# schöner zander aus aw



## rob (16. Oktober 2006)

grüss euch leute!!
war am wochnende in aw zum zanderfischen.
zuerst mit fingers am boot und dann in der dunkelheit vom ufer.
am boot hab ich schon 2 zander verloren und war schon etwas enttäuscht.der abend aber hat mir grosses glück gebracht.endlich hab ich es geschafft einen zander aus dem donaustrom der grösser als 2,5 kilo ist zu fangen.
nach gutem drill und einigen problemen bei der landung ,hab ich meinen donauzander stolz in der hand halten können.
die freude war sehr sehr gross.pogu hat gemeint ich hätte ihn mir verdient.ich muss sagen er hat recht:mviele viele jahre zanderangeln bis petrus ein einsehen mit mir hatte und was besseres am haken schickte...
hier ist er : 84 cm und 4,5 kilo :k 
lg aus wien
rob


----------



## spin-paule (16. Oktober 2006)

*AW: schöner zander aus aw*

Schöner Fisch, Rob, den haste Dir wohl verdient#6 !! 
Und einen lieben Gruß an Petrus, der soll doch bitte schön auch mal bei mir am Rhein vorbei schauen|supergri 
Gruß#h ,
Spin-Paule


----------



## posengucker (16. Oktober 2006)

*AW: schöner zander aus aw*

Hi Rob,

he, ist der geil #6 #6 .

Dickes Petri nochmals.

lg
Werner


----------



## earl (16. Oktober 2006)

*AW: schöner zander aus aw*

|schild-g sehr schöner fisch


----------



## richard (16. Oktober 2006)

*AW: schöner zander aus aw*

Gratulation!
Das ist wohl ein herrlicher Fisch.
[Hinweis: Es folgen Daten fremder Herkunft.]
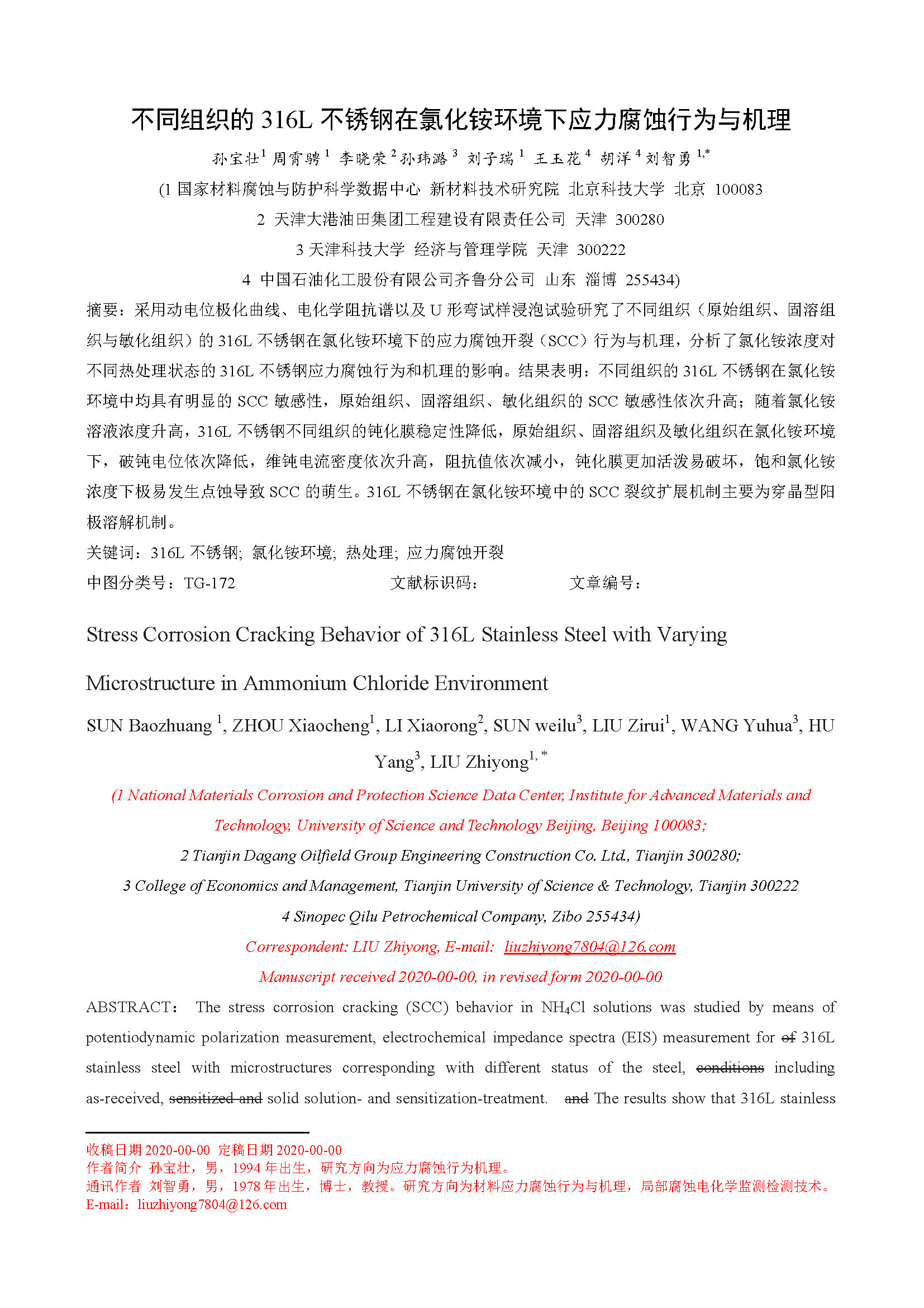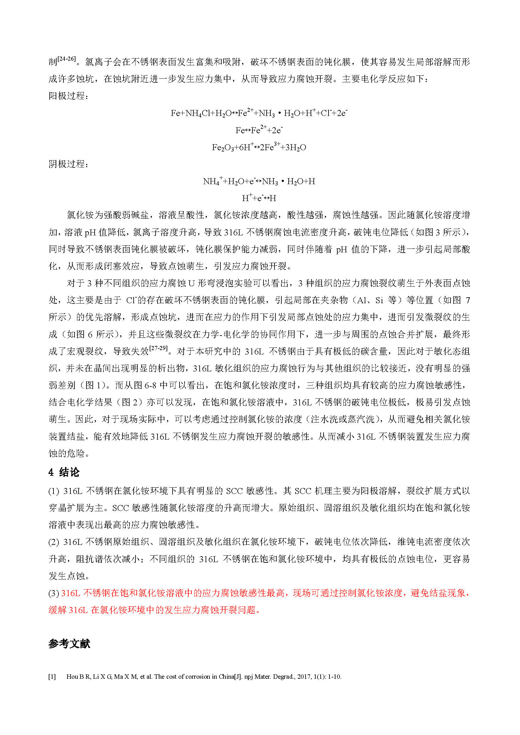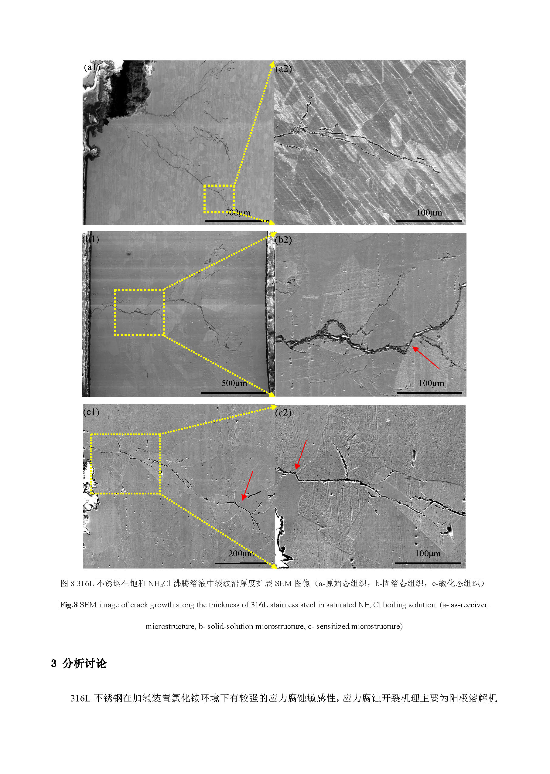 不同组织的316L不锈钢在氯化铵环境下应力腐蚀行为与机理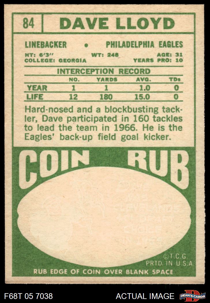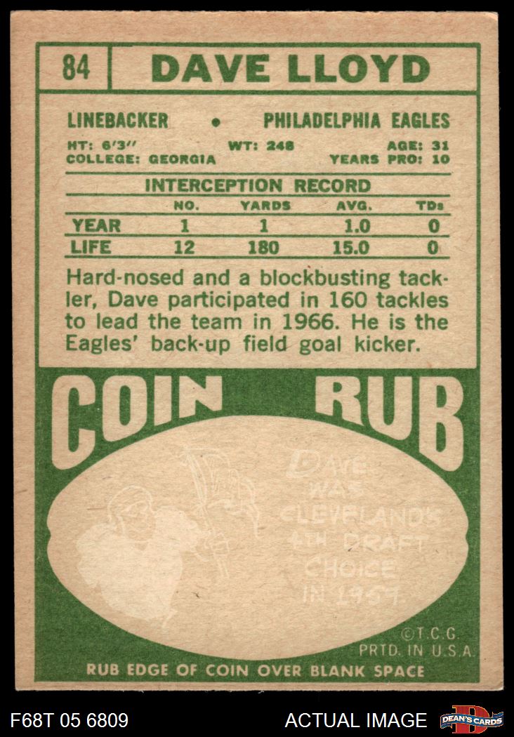1968 Topps Football Cards (2,552 available)1968 Topps Eagles (131 available)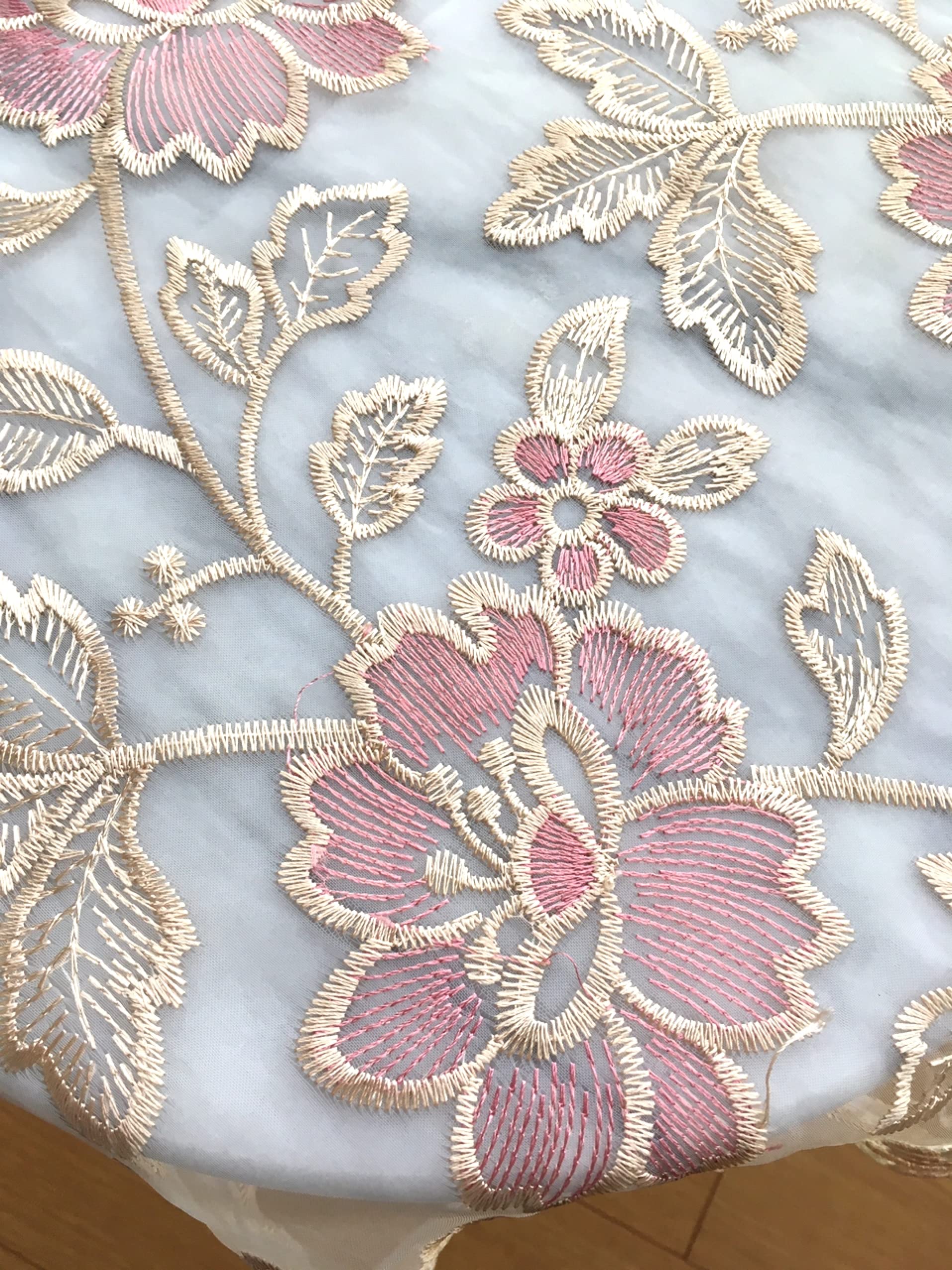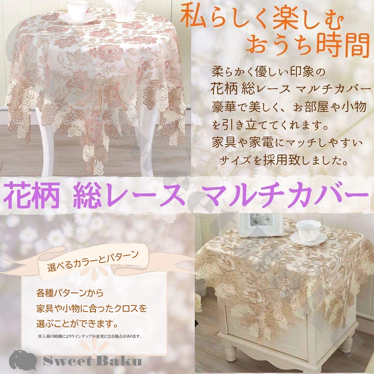 北欧風の光沢があり美しく上品なレースのテーブルクロスです。 淡いピンクと光沢のあるベージュでお部屋に1枚あるだけで華やぎ気分が上がります。おうち時間をリッチに気持ちよく過ごしたい方にいかがでしょう。 テーブルクロスやサイドテーブルに、正方形ですので丸テーブルにも合います。小物や家具 家電テレビ等のマルチカバーや敷物としても綺麗でお楽しみいただけます。 素材はポリエステルです。撥水にはなっておりません。日常的に食卓でご使用の時はビニールシートを被せると良いでしょう。 お手入れ方法 水洗いできます。洗濯機 乾燥機使用可能です。洗濯機では洗濯ネットをご使用ください。シワになり難いですが、洗濯後は早めに形を整えて陰干しが良いでしょう。 サイズ 60×60㎝ 110×110㎝ レースのカットにより2㎝程の誤差が生じることがございまます。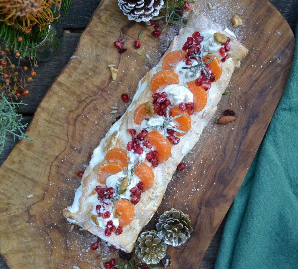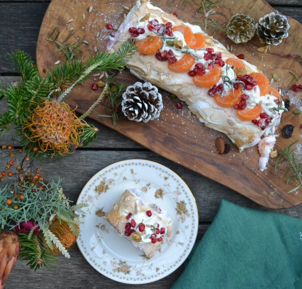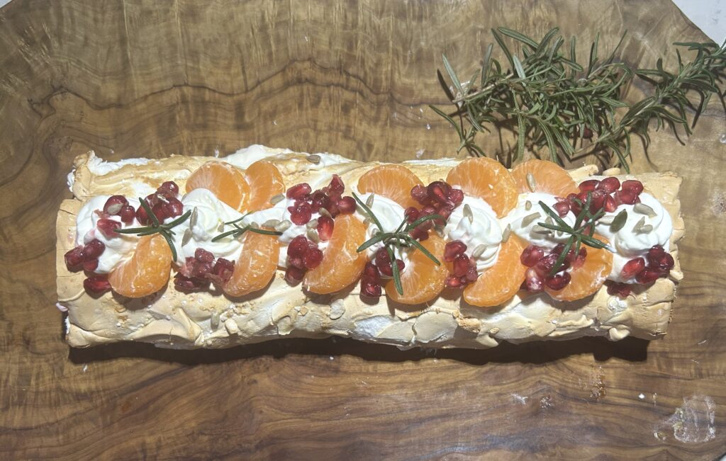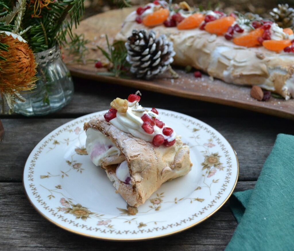 パブロバをロールケーキのように仕上げた、パブロバロール (pavlova roll) です。パブロバは、メレンゲで作るオーストラリアとニュージーランドのお菓子です。材料は、卵白と砂糖がメインで、とてもシンプルですが、大きさ、形を自由にかえることでき、添えるクリームやフルーツを変えることで、様々なバラエティーを楽しめます。ロールケーキのようなパブロバは、見た目が華やかで、一人分ずつとりわけやすく、多くの人が集まるときの、メインのデザートとしてもむいています。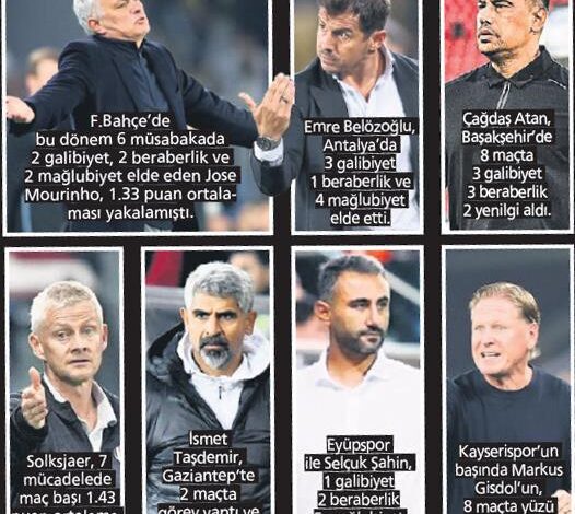 Süper Lig’de teknik direktör ayrılıkları hız kesmiyor. 4 gün içinde 3 hoca takımlarına veda ederken 8 haftada gidenlerin sayısı 7’ye yükseldi. Gaziantep FK’da İsmet Taşdemir, Beşiktaş’ta Ole Gunnar Solskjaer, Fenerbahçe’de Jose Mourinho, Başakşehir’de Çağdaş Atan ile yollar ayrılırken son olarak Selçuk Şahin (Eyüpspor), Markus Gisdol (Kayserispor) ve Emre Belözoğlu’nun (Antalyaspor) biletleri kesildi. Geçen dönem ligde Ekim ayının ilk çeyreğinde 4 teknik adam ayılırken bu sene takımlarımız ayrılık şarkılarını çok daha fazla söyledi.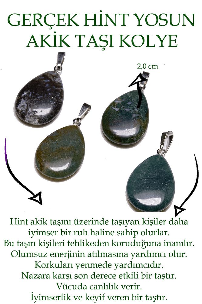Bu doğal taş kolye tasarımımızda; Hint Akik Taşı kullanılmıştır. Zincir ölçüsü 45 cm\'dir. Her için uyumludur. Yetişkin ve çocuk için kullanılabilir. %100 Orijinal ve gerçek taştır. Sinirinizi stresinizi alacak, mineral açısından oldukça zengin olduğu için bulunduğu için teniniz ile temas eder etmez aradaki farkı kısa bir süre içinde hissedeceksiniz.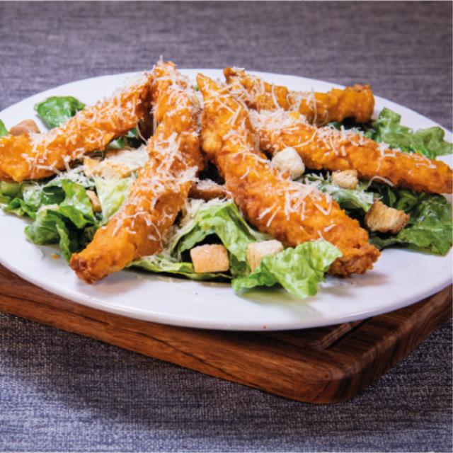 Nuestra tradicional ensalada César coronada con 220 g de tiras de pechuga de pollo fritas y enharinadas, bañadas con tu elección.
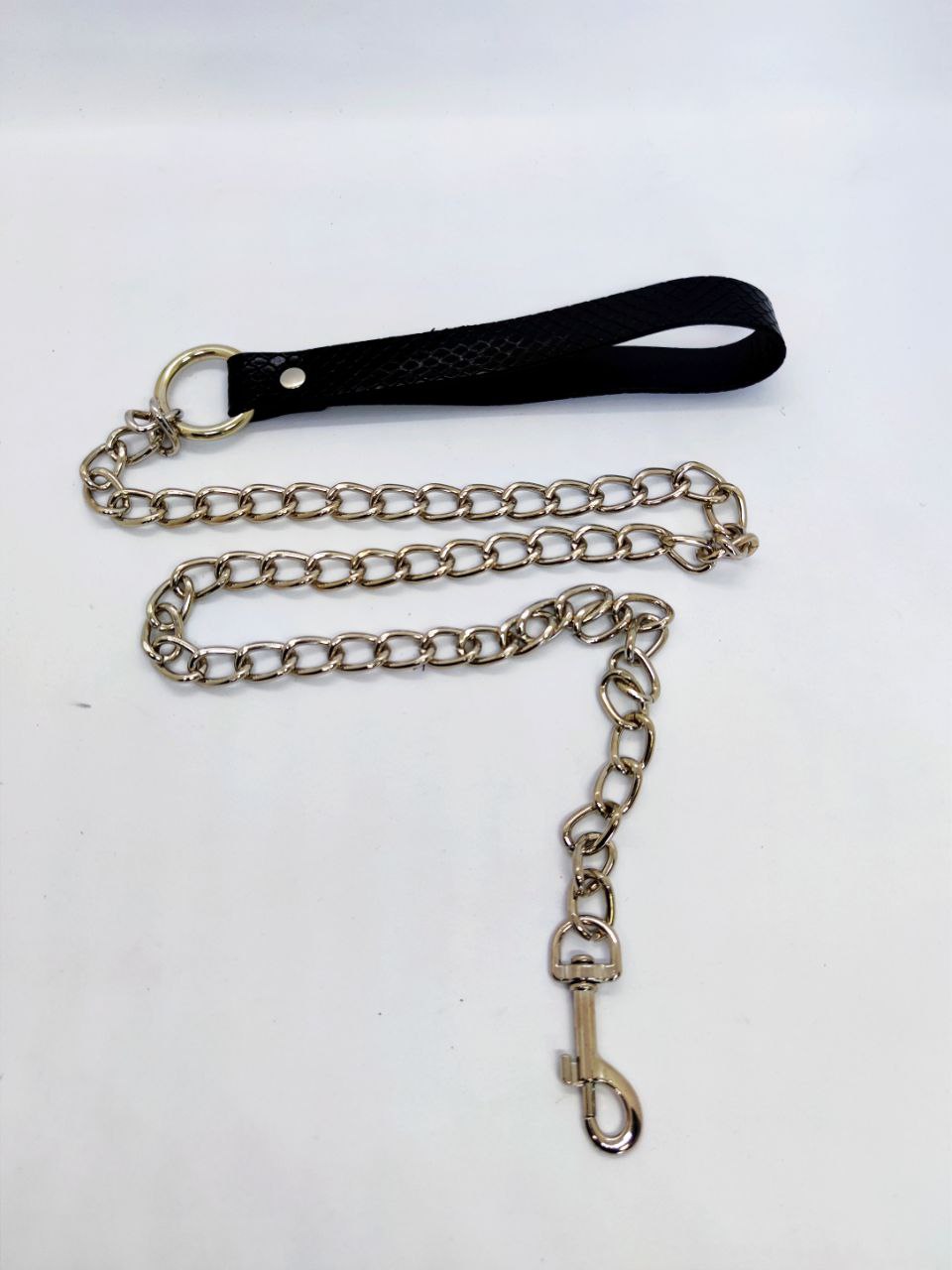 Чорний металевий повідець із прикріпленою петлею для зап' ястя можна легко під' єднати або від' єднати за допомогою карабінчика.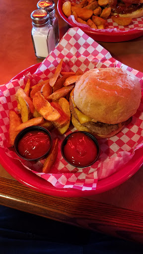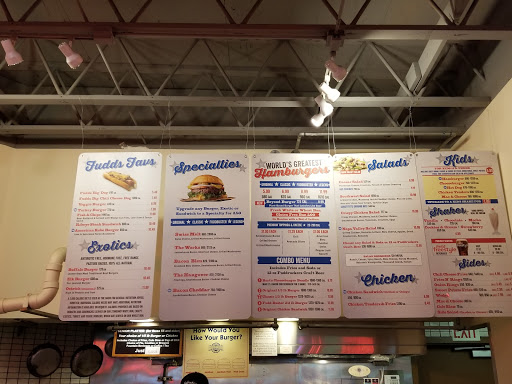 Too high of a price for mediocre food. Counter person was obviously annoyed with being there. It wasnt busy at all on saturday night, so I dont think it was because he was stressed. The hamburgers though big were flavorless. The buns were delicious. To make your burger a specialty burger you have to pay extra. Im tired of Red Robin but there cheaper for better service, and way better food, and more selections. Also the video games are antiquated and arent in good repair. The claw machine has prizes in it with old yellowing packaging. One Hot Wheels package was from 1999. Overall this place was depressing and I felt like I wasted my time and money. Fuddruckers has had better days. Maybe 1999.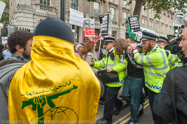 ![]() and another shouts out slogans, callinf for Palestine to be free ![]() ![]() ![]() ![]() Police clear a gap between the two groups facing each other outside the gates of Downing St ![]() ![]() There are still mnay protesters on the opposite side of the road ![]() ![]() There is a densely packed crowd calling for an end to the siege of Gaza and a free Palestine ![]() And a much smaller group shouting back at them ![]() Police struggle to hold back the protesters and a man with a Hezbollah flag draped around his shoulders watches ![]() A pro-Israel demonstrfator at right gloats as a Palestinian supporter is led away ![]() |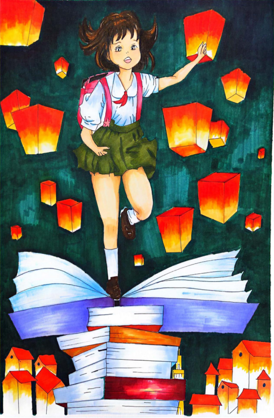 圖為來自云南的羅睿祺創作的繪畫作品《書海夢燈》。

Mahlzeit!
Ritschie


----------



## HD4ever (16. Oktober 2006)

*AW: schöner zander aus aw*

Glückwunsch !!! :m


----------



## Räuberschreck (16. Oktober 2006)

*AW: schöner zander aus aw*

servus rob!

Na dann   P E T R I   H E I L  !!!

Der Zander ist sehenswert - glückwunsch!!

Martin


----------



## rob (16. Oktober 2006)

*AW: schöner zander aus aw*

danke euch herzlichst:m!!!!
mit dem hab ich nicht rechnen können...und das auf einem platz wo immer nur die anderen einen zander gefangen haben und ich meine köderfische nur gebadet habe.
jipeee >))))


----------



## gismowolf (16. Oktober 2006)

*AW: schöner zander aus aw*

Servus Robert!
Petri Heil!!#6  und herzliche Gratulation zu Deinem Spitzenzander!!
Jetzt weißt Du ja,wo sie stehen und wie Du sie fangen kannst!!|supergri Mach weiter so,ich will noch mehr solche Fotos sehen!!Tja...und natürlich laß ihn Dir gut schmecken!!


----------



## GROßfisch Hunter (16. Oktober 2006)

*AW: schöner zander aus aw*

|schild-g 
Nicht schlecht...!!! #6 #6


----------



## esox_105 (16. Oktober 2006)

*AW: schöner zander aus aw*

Petri Heil zu Deinem schönen Fang #6.


----------



## Florian12 (16. Oktober 2006)

*AW: schöner zander aus aw*

@rob: Herzlichen Glückwunsch auch von mir!  
@all: Ich habe eine Frage zu AW. Wo gibts gute Plätze zum Spinnen auf Hecht und Zander?#c


----------



## rob (16. Oktober 2006)

*AW: schöner zander aus aw*

vieeeelen dank!!!!!#h#h
@florian:im mühlbach kannst du es mal auf hecht versuchen.die uferbereiche im altarm würd ich auch mal befischen.wir kannten jemand der hat dort so seine hechte gefangen.im winter der bootshafen!
auf zander würd ich es überall in der donau versuchen wo es strömt bzw eine kante zwischen strömung und ruhigem wasser ist.geh auch mal die schleuseneinfahrt entlang und versuch es vorne am sporn.
wo der kamp in den altarm mündet ist auch noch ein heisser platz zum spinnfischen!
lg rob


----------



## Florian12 (16. Oktober 2006)

*AW: schöner zander aus aw*

@rob: Danke.


----------



## Ossipeter (16. Oktober 2006)

*AW: schöner zander aus aw*

Prachtbursche! Glückwunsch!


----------



## fingers (16. Oktober 2006)

*AW: schöner zander aus aw*

_hallo rob !_
_gratuliere noch einmal zu deinem schönen zander :m !_
_nach längerem harten ansitzen hat es auch bei dir geklappt,_
_und außerdem war es ein netter angel-tag, mit einem schönen :a ._
_vielleicht klappt beim nächsten mal wieder, wenn wir in aw sind ! _
_p.s.: die fotos sind echt nicht schlecht geworden   !_

_fingers gruß_


----------



## Soxl (16. Oktober 2006)

*AW: schöner zander aus aw*

Hey Rob,

|schild-g zum AW-Stachelritter, hast Dir ganz sicher verdient so wie ich Deinen Einsatz am Wasser kenne #6 

lg, Chris


----------



## Isfandiar (16. Oktober 2006)

*AW: schöner zander aus aw*

Ein echt schöner Fisch....Gratulation!!!


----------



## stockfisch (17. Oktober 2006)

*AW: schöner zander aus aw*

Hi Rob,

super, Fisch .. sehr fein!! Freut mich für dich. 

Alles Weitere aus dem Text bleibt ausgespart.